La campaña “Por más empresas inclusivas”, implementada en diversas regiones del país, ha sensibilizado a 356 empresas y ha promovido la contratación formal de trabajadores con discapacidad. Como resultado, más de 4,329 personas fueron incorporadas a planilla electrónica en comparación con el 2022, y se verificó que 1,787 empresas contrataron al menos a un trabajador con habilidades diferentes. Además, en lo que va del año, 6,672 empresas privadas formales han contratado a cerca de 13,000 trabajadores con discapacidad, cifras que evidencian un avance sostenido en la sensibilización empresarial y en la reducción de brechas de acceso al empleo.

Estos progresos son importantes no solo por su magnitud, sino también por su significado.
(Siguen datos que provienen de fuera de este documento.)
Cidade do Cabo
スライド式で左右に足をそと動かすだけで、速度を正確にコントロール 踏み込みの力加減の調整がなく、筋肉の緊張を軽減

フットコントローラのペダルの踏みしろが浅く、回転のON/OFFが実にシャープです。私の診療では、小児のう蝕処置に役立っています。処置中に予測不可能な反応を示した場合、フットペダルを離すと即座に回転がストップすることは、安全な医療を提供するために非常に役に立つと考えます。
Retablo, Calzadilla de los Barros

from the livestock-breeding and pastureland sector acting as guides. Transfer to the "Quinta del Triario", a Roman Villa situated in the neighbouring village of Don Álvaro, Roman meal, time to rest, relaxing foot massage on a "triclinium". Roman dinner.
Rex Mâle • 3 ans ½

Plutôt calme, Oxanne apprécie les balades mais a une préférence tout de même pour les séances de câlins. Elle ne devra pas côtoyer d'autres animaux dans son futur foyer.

La inclusión laboral rompe el círculo de exclusión social y económica que afecta a muchas personas con discapacidad, permite autonomía, mejora la calidad de vida y contribuye a transformar los prejuicios que persisten en la sociedad peruana. La discapacidad no anula capacidades: lo que limita es la falta de oportunidades, la ausencia de ajustes razonables y la persistencia de estigmas que reducen a las personas a sus diagnósticos, ignorando sus competencias reales.
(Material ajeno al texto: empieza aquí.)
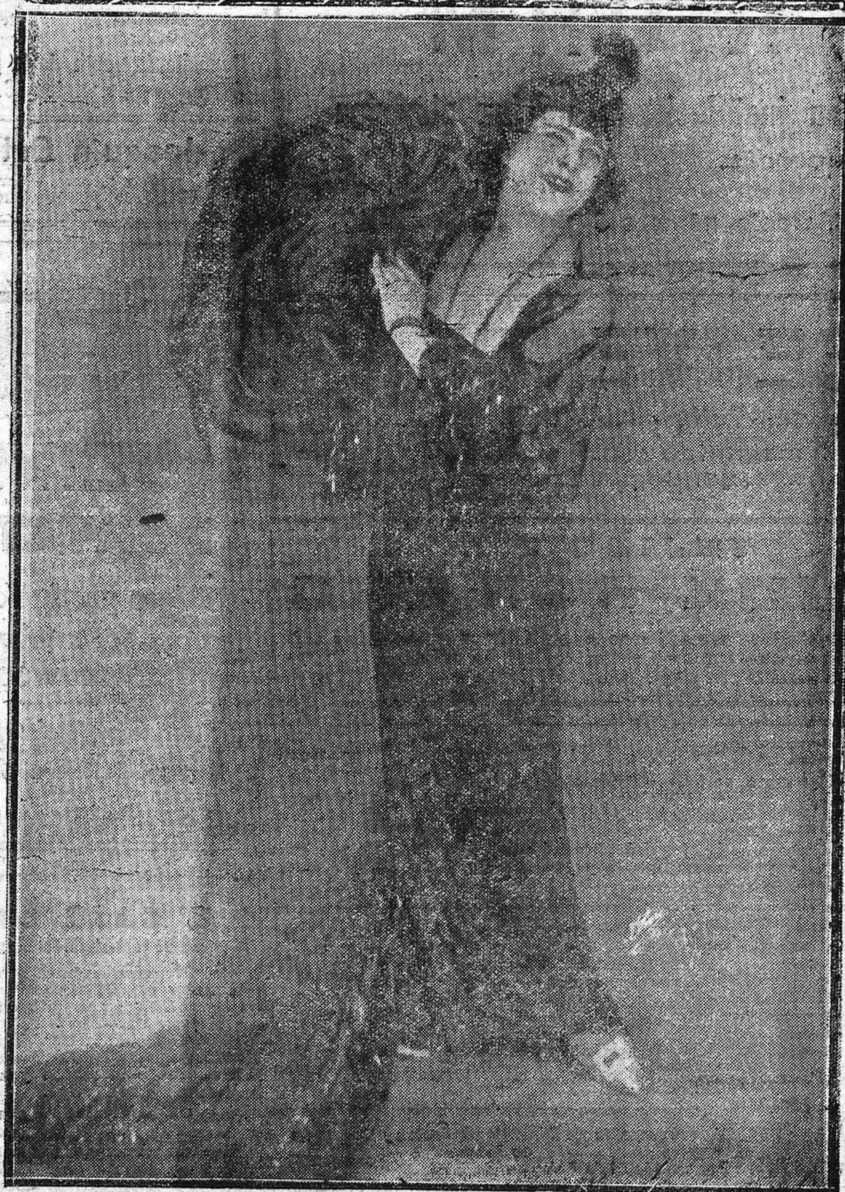
Mimi Agúgila, la famosa actriz universal, acerca de cuya modalidad española ha dado una conferencia esta tarde en el Círculo de la Amistad el escritor Rivas Cherif.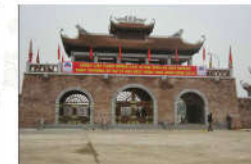
15 TRẦN THÁI TÔNG (s = 357m2)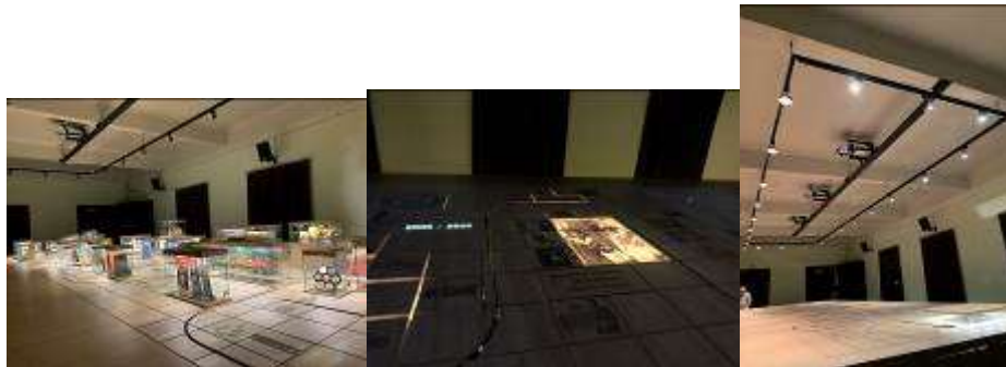
▲泰國歷史互動裝置的展間及其設備

館方人員表示，他們一年規劃兩檔主題展，也會有藝術巡迴活動，用五個貨櫃去各地巡迴展出，他們分為研究部門、場地管理、活動策畫、公關行銷及學術部門，他們與泰國各地博物館進行對接，相互合作及行銷，館內有 4 位策展人，策展人本身具備不同專業背景，相互合作激盪出不同的策畫主題，目前一年參觀人次為 20 幾萬人，預期未來地鐵開通後人數會明顯增長。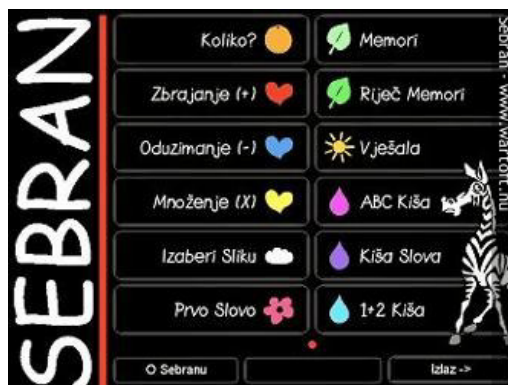
Slika 6. Sebran

Sebran je besplatan edukativni softver izvorno napravljen na engleskom jeziku, ali je preveden na nekoliko drugih jezika, uključujući i hrvatski.

El esfuerzo articulado entre instituciones también es un avance que merece destacarse. El convenio suscrito entre Sunafil y el Programa Nacional Contigo del Midis busca garantizar el cumplimiento de la normativa sociolaboral y promover condiciones dignas de seguridad y salud en el trabajo. Además, ferias de empleo, maratones laborales y bolsas especializadas han permitido que 161 personas con discapacidad accedan a trabajos formales solo en Lima Metropolitana durante este año. La participación del sector empresarial en el Encuentro Alianzas para la Empleabilidad Inclusiva confirma que la inclusión laboral no es solo una política pública, sino también un compromiso compartido entre Estado, empresas y sociedad civil.
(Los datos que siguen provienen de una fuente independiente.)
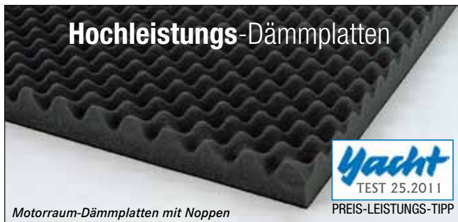
Motorraum-Dämmplatten mit Noppen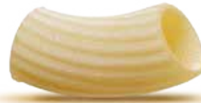
— TORTIGLIONI — PM005109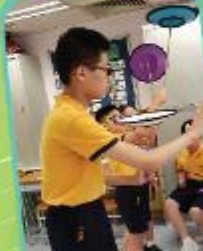
小小歡樂雜耍家 Circus For All

Sin embargo, estos avances deben consolidarse. La inclusión laboral exige supervisión constante, sanciones a quienes discriminan y mecanismos efectivos de fiscalización, pero, sobre todo, requiere un cambio cultural: comprender que la diversidad enriquece a las organizaciones y que la productividad del país depende de aprovechar todos los talentos, sin excepción.

El Perú aún tiene un largo camino por recorrer, pero cada empleo formal para una persona con discapacidad es una victoria contra la indiferencia, una afirmación de dignidad y una señal de que el país puede avanzar hacia un modelo más inclusivo y humano. La inclusión no debe ser una noticia excepcional: debe convertirse en la norma.